Integrantes de la Junta Soberana Campesina rechazaron categóricamente cualquier forma de intervención extranjera que atente contra la soberanía de México, tras lanzar un llamado enfático en defensa de los principios fundamentales que rigen al país.

Desde Anenecuilco, cuna del agrarismo y tierra natal de Emiliano Zapata, emitieron un documento en el que subrayaron la importancia de preservar la independencia y autodeterminación nacional frente a cualquier intento de injerencia extranjera.

En este contexto, Andrés Cosset, coordinador de la Junta, instó al gobierno de México a tomar medidas firmes para proteger la soberanía nacional, especialmente tras la llegada de Donald Trump al poder, y advirtió sobre la creciente amenaza de la delincuencia organizada que afecta a las comunidades rurales.

“De no actuar con contundencia, los campesinos de la región estarían dispuestos a tomar acciones para hacer frente a la inseguridad que nos aqueja”, agregó.

Cosset destacó que el documento fue firmado en enero de 2025 en Anenecuilco, como un acto simbólico para honrar los valores históricos de lucha que representa esta tierra. “México ha sido y seguirá siendo respetuoso de la libre autodeterminación de los pueblos, la no intervención y la solución pacífica de controversias”, señaló.

Recordó que estos principios están consagrados en el Artículo 89 de la Constitución y son resultado de un pasado de agresiones e intervenciones extranjeras que obligaron al país a adoptar una postura firme en la defensa de su soberanía. “No permitiremos que la historia se repita. Nuestra independencia no es negociable, y menos aún ante amenazas externas que buscan vulnerar nuestro territorio y nuestras instituciones”, enfatizó.

Una condena firme al intervencionismo

El pronunciamiento condenó enérgicamente las recientes declaraciones del gobierno de Estados Unidos que sugieren el posible despliegue de fuerzas militares en territorio mexicano, bajo el argumento de combatir al crimen organizado.

Según el documento, esta acción “sería una clara violación a la soberanía nacional y un acto militar y criminal intervencionista”.

Cosset fue contundente al afirmar que la seguridad interna del país es responsabilidad exclusiva del gobierno mexicano.

“Corresponde únicamente a nuestras autoridades perseguir y sancionar a quienes violen las leyes. México no necesita ni permitirá que fuerzas extranjeras crucen sus fronteras con el pretexto de resolver problemas que deben abordarse desde una perspectiva bilateral y respetuosa”, declaró.

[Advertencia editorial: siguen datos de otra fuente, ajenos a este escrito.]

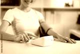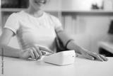 Closeup woman check up low blood pressure with digital pressure monitor, Hypotension problem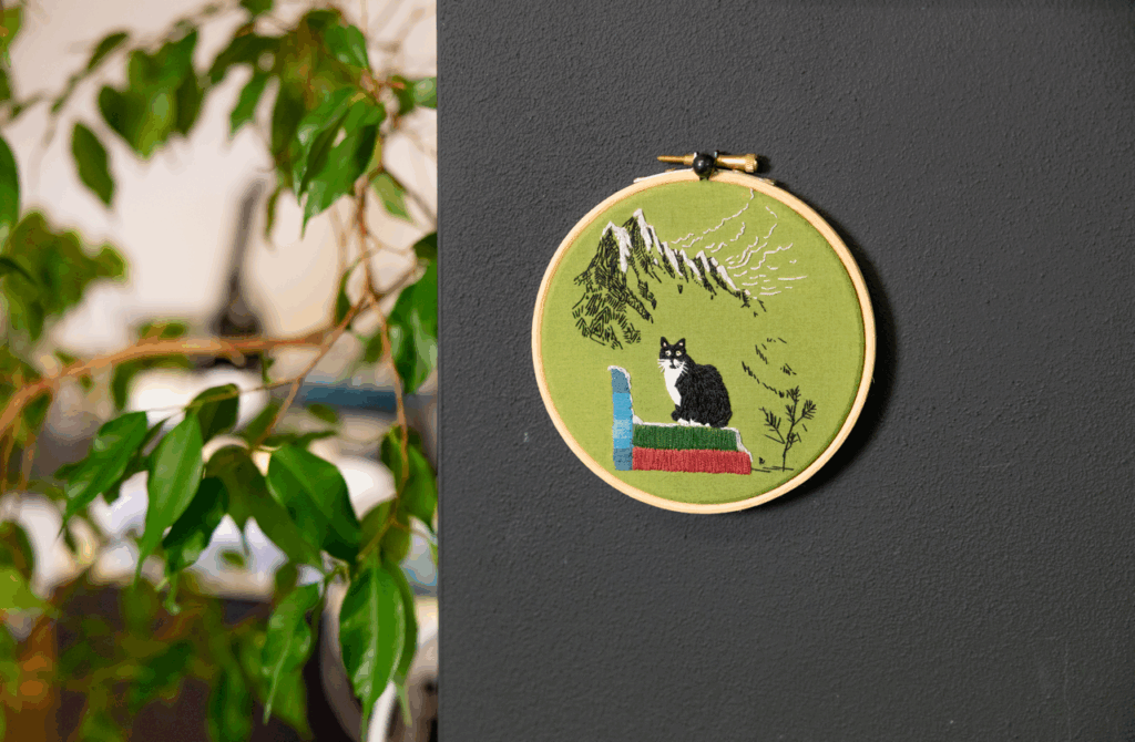 Het borduurwerk heeft een kantoorgenoot een paar jaar geleden voor mij gemaakt als Sinterkerstcadeau. Het is het omslag van mijn bewerking van Frankenstein in combinatie met boeken en mijn (onlangs overleden) kat George, allemaal dingen die me erg dierbaar zijn. Ik word altijd heel blij als ik ernaar kijk. Aan de muur hangen een concertposter van mijn band Le Garage in het voorprogramma van James Leg, een van mijn muzikale helden, en een gesigneerde print uit het heerlijke prentenboek Een huis voor Harry, van de Vlaamse illustrator Leo Timmers.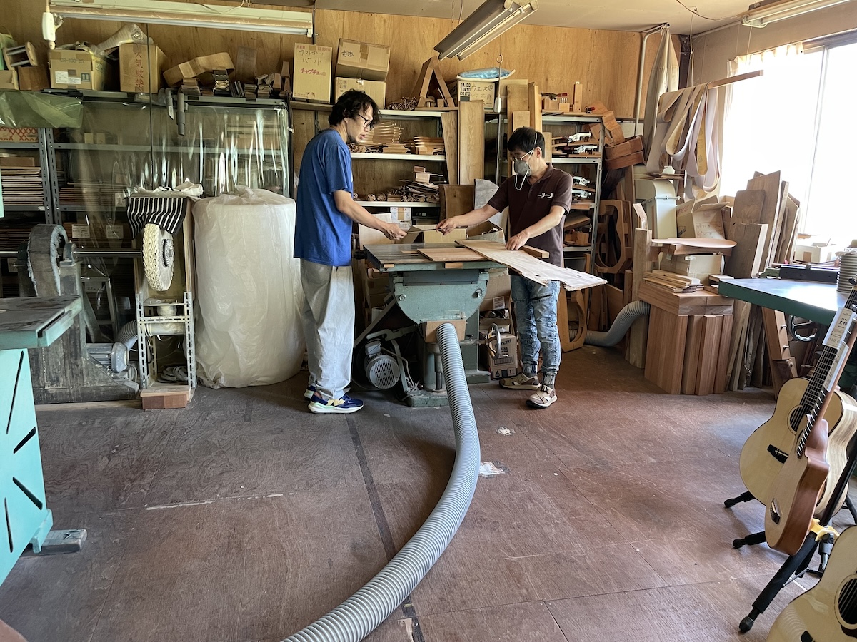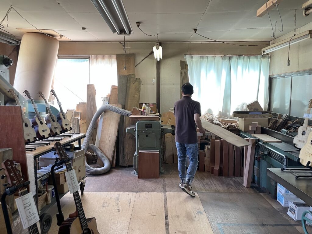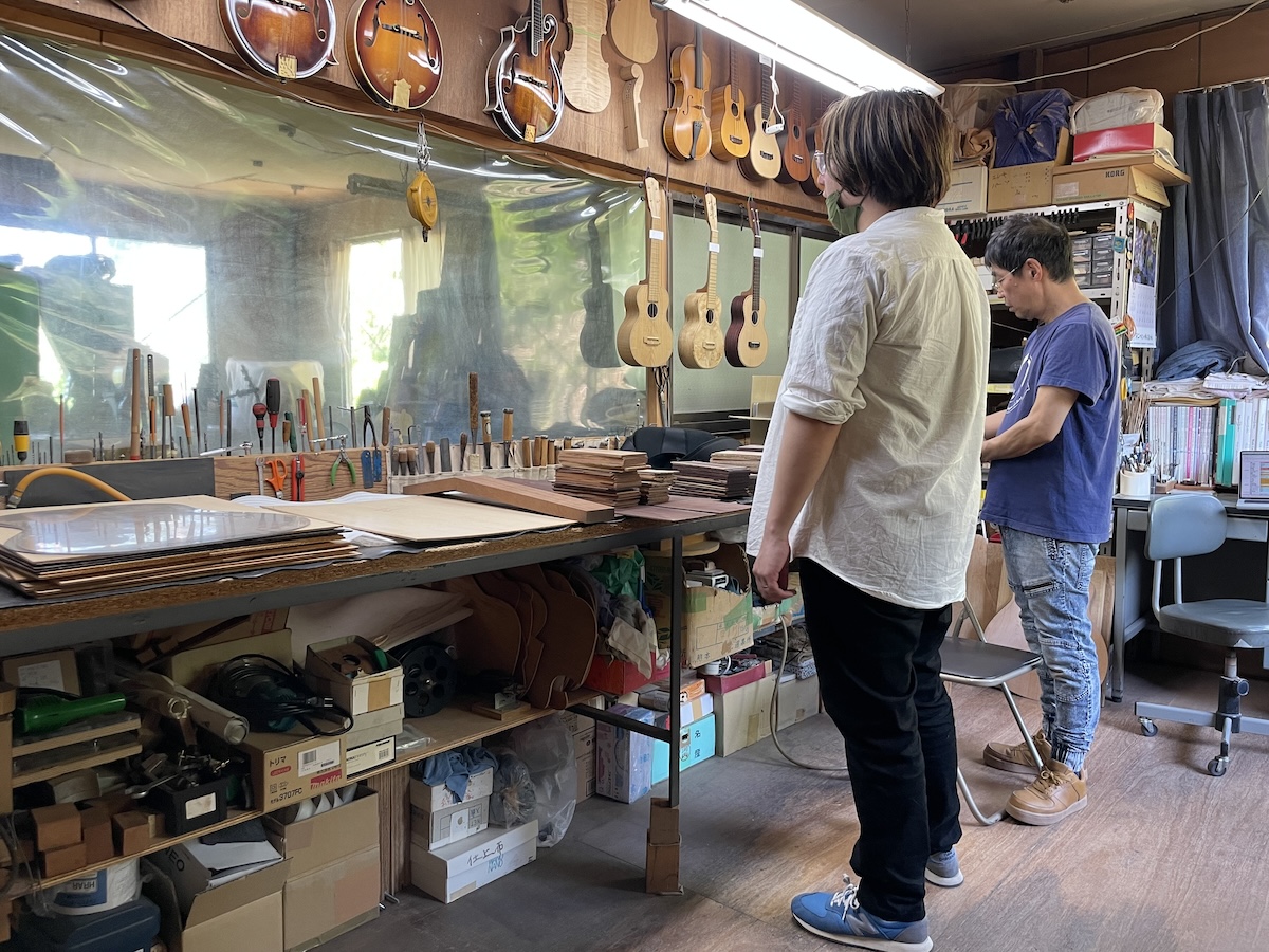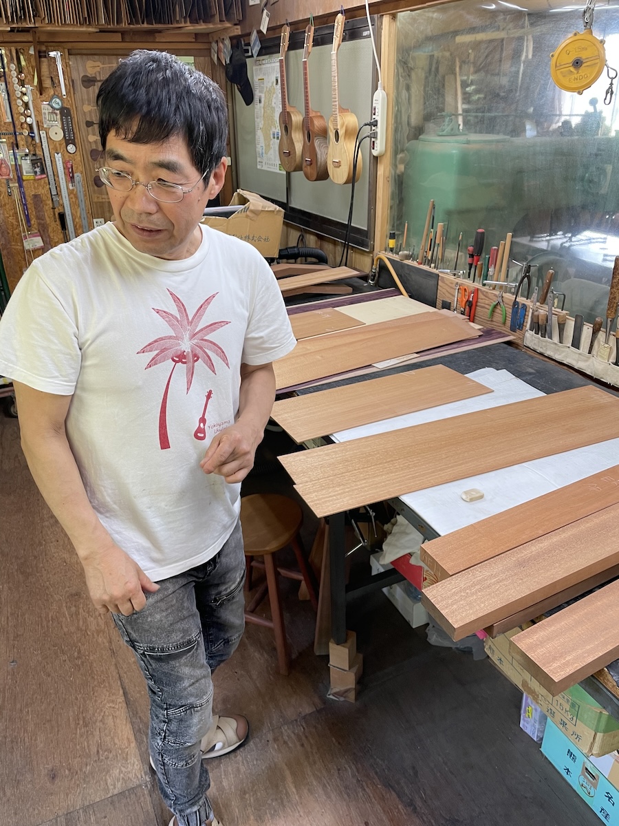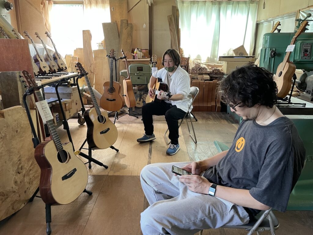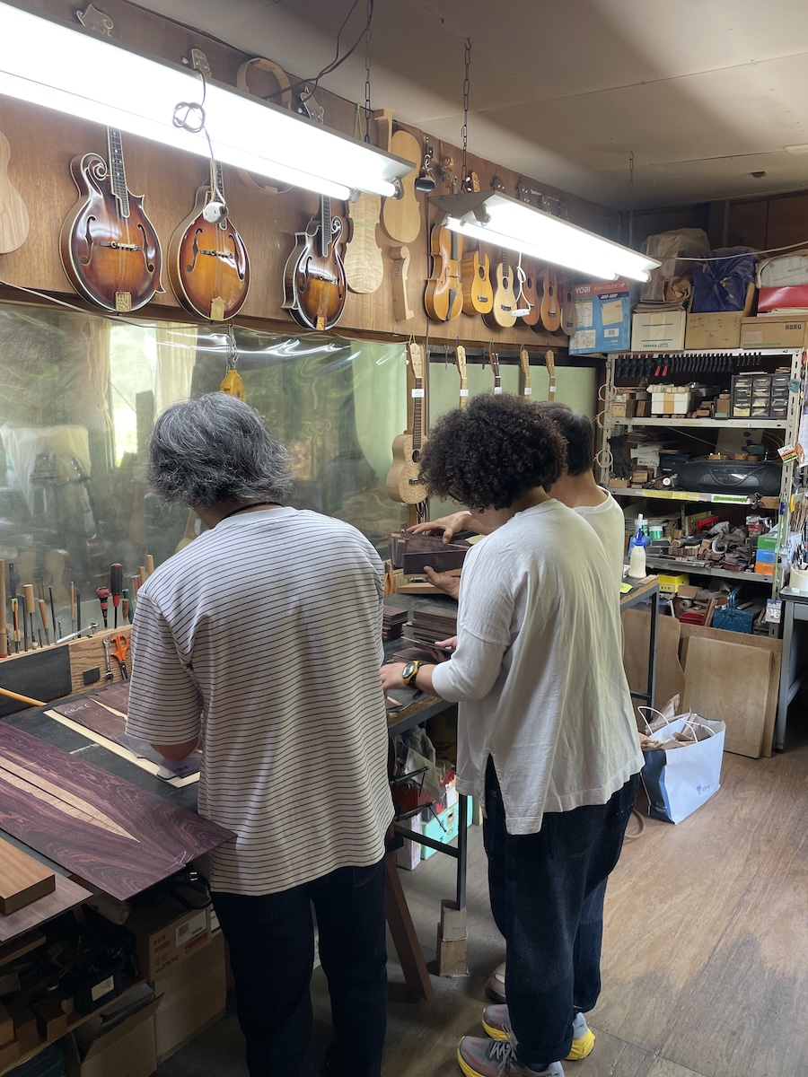 ネック材にもこだわります。実際に材料をタップしながら、自問自答。お好みの一本をお選びいただきました。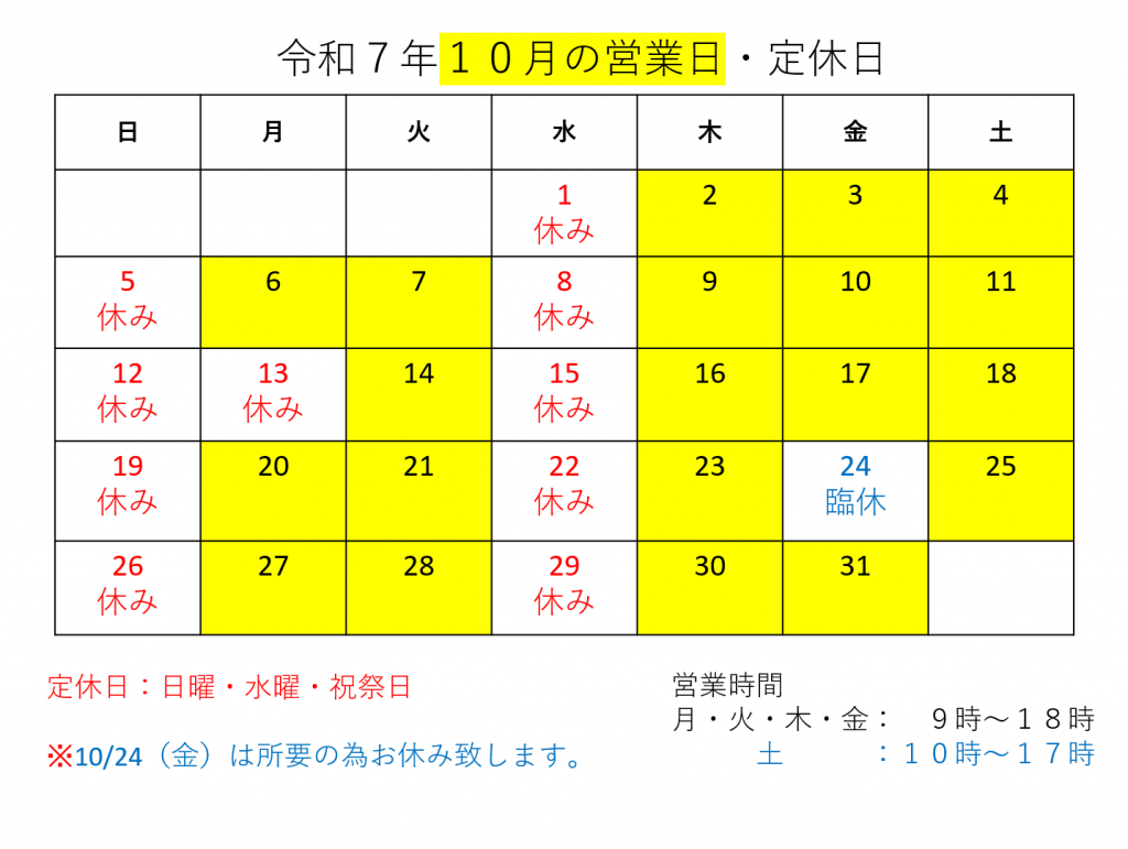 10月の営業について

Además, el coordinador exigió al gobierno estadounidense que asuma su responsabilidad en problemas compartidos, como el tráfico de armas hacia México y el alto consumo de drogas en su territorio.

“No se puede hablar de combate al crimen organizado mientras se tolera el libre flujo de armas que llegan a manos de los delincuentes en nuestro país”, puntualizó.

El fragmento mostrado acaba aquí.